What is the project about?
AMOEBE establishes a FAIR benchmark for AI-driven microbial imaging using high-resolution time-lapse microscopy. It combines unlabeled data for foundation models with high-quality expert-labeled subsets for tasks like cell segmentation and tracking, fostering benchmarking and cross-domain collaboration.
What motivated you to apply for UNLOCK, and how does the project align with the initiative’s vision?
We were motivated to apply for the hyperUNLOCK initiative because its vision of building cross-domain, FAIR, and AI-ready benchmark datasets directly aligns with our long-term goal of advancing data-driven microbiology and biotechnology research. With AMOEBE, we aim to unlock the potential of AI in microbial live-cell imaging by establishing a standardized, open benchmark dataset that integrates high-quality microscopy data, expert annotations, and reproducible ML workflows. This contributes to hyperUNLOCK’s mission of fostering benchmarking science, interoperability, and collaboration across Helmholtz centers, enabling the broader life science community to leverage AI for making discoveries faster.
What gap in the scientific community led to the creation or expansion of this benchmarking dataset?
Microbial imaging lacks large, standardized benchmarks that capture the complexity of microbial populations. Existing datasets focus mainly on mammalian cells, overlooking challenges such as dense colony growth, frequent divisions, and low contrast. AMOEBE aims to bridge this gap by providing a high-quality benchmark to eventually advance and evaluate AI methods in this field.
How does the benchmark dataset support reproducibility, robustness, and fairness in AI research?

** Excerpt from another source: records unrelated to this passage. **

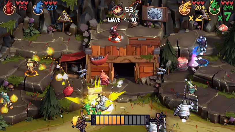 Nella modalità Arcade, invece, l’obiettivo è quello di fronteggiare, da soli o con l’aiuto di altri giocatori, 25 ondate di temibili, temibili orsetti. Badate bene, però: i primi potranno sembrare pucciosi e morbidosi, e non riusciranno a fare altro che stordirvi per qualche secondo qualora riuscissero a colpirvi, ma dopo alcune ondate inizieranno ad arrivare i fratelli maggiori armati fino ai denti! All’inizio della partita, ciascun giocatore avrà a disposizione 3 vite per arrivare alla fine delle 25 ondate, e qualora dovessimo esaurirle e venir sconfitti durante una di queste, spetterà ai nostri compagni d’arme eliminare tutti i rimanenti nemici dell’ondata prima dello scadere del timer per riportarci nella lotta. A mano a mano che riuscirete a superare le prime sfuriate, inizieranno ad apparire diverse tipologie di nemici (5 in totale), dall’orso arciere, che vanta la nostra medesima potenza di fuoco, fino all’orso armato di bazooka e corazzato che richiede più di qualche colpo per essere buttato giù. Ed in queste fasi avanzate, anche un semplice e inoffensivo orsetto potrebbe immobilizzarvi quel tanto che basta per ricevere un colpo da uno dei suddetti fratelloni ed essere causa della vostra disfatta! Nonostante questo, però, sconfiggendo ciascun nemico sarà possibile raccogliere delle sfere energetiche, che una volta accumulate in un certo numero permetteranno di attivare una sorta di roulette dei power-up, grazie alla quale verrà fornito a ciascun giocatore in vita un potenziamento casuale. In aggiunta a (quasi tutti) quelli disponibili in modalità Arena, nell’Arcade sarà possibile ottenere anche una vita extra o una cospicua quantità di denti d’orso, la valuta del gioco per sbloccare le personalizzazioni.
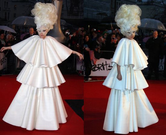 At the other end of the scale, this picture of Lady Gaga. She's masked her face, form, and head, and so the audience is distanced emotionally from her.
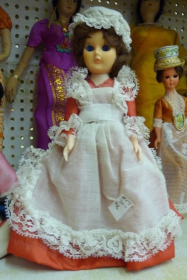 I got this Betsy in a lot of dolls on eBay in September 2010. Her dress is a bluer shade than the purple-frocked dolls.

AMOEBE promotes reproducibility and robustness through open access and standardized metadata. Expert-validated annotations and diverse microbial data ensure fair, generalizable AI model evaluation across species, imaging modalities, and experimental setups.
What is the project’s structure — from data curation to expected outputs such as publications or competitions?
AMOEBE follows a structured, five-step workflow.
In what ways does the project foster cross-domain, cross-center, or interdisciplinary collaboration?
AMOEBE unites microbiology, imaging, AI, and data management experts from multiple Helmholtz centers and academia. Its FAIR, open design fosters cross-domain collaboration by combining biological and computational expertise and enabling shared use and expansion of the dataset across disciplines and institutions.
What impact does the project aim to achieve — within Helmholtz and across the broader research and industry community?
AMOEBE will establish a new standard for AI-driven microbial imaging by providing the first large-scale benchmark dataset of microbial time-lapse microscopy. Within Helmholtz, it will strengthen collaboration between life science and AI research, serving as a model for data-centric initiatives. Beyond Helmholtz, AMOEBE will enable researchers to develop, compare, and validate algorithms on realistic microbial data, accelerating innovation in biotechnology, health, and environmental sciences.